Textract Analyze document for Tables issue
krishna-vicky96 opened this issue · comments
Hi,
I found an issue while extracting tables from a document using Analyze. My Textract OCR identified proper table with correct Bbox. Now, If I am using the same info and trying to extract text, I am missing some information. Here are the samples for that.
Below Image is the cropped image which I got using Bbox info from textract ocr output.
Analyze Document output (after some postprocessing like including markdowns) : "\n\n | n pricing | ¥10,000/ton of CO2, utilized in our investment decision-making, awards program, etc. |\n|---|---|\n| of climate change issues into of executives | Attainment of "promoting sustainability," including climate change-relat initiatives. reflected in performance-linked remuneration |"
If you observe the image and output clearly, I am getting missed "Internal Carbo" in first row and "Incorporation" and "Remuneration" in second row of 1st cell.

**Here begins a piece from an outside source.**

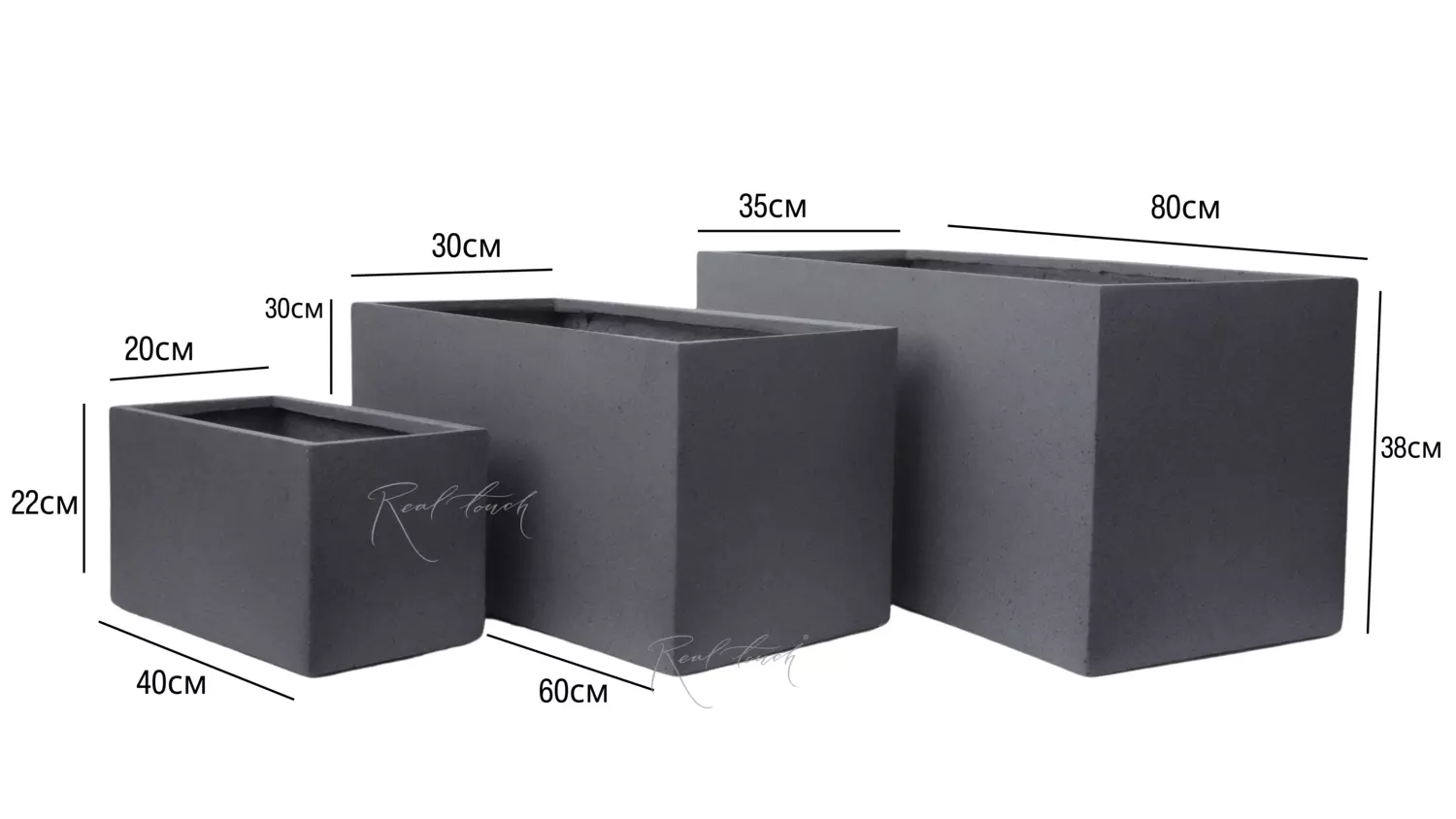 Кашпо Real Touch прямоугольное низкое M - 60/30/30 см - Серый

For this, I tried to apply canvas with the page size from which I fetched the table and created below image. Still it is giving me same output.
Now, I went ahead and tried to add thresholding and got this image as an output.
Interestingly, this provided proper output - "\n\n | Internal carbon pricing | ¥10,000/ton of CO2, utilized in our investment decision-making, awards program, etc. |\n|---|---|\n| Incorporation of climate change issues into remuneration of executives | Attainment of "promoting sustainability," including climate change-related initiatives, reflected in performance-linkeo remuneration |"
Here is the way, I created sample threshold -
_, binary_image = cv2.threshold(image, 127, 255, cv2.THRESH_BINARY)
But there will be problem with colored images, the solution which I proposed won't work as it makes things worst.
This is the issue I found and the some hack, If there is anything interesting rather than this please feel free to post the solution.
I ask AWS team to have a look over and fix this issue.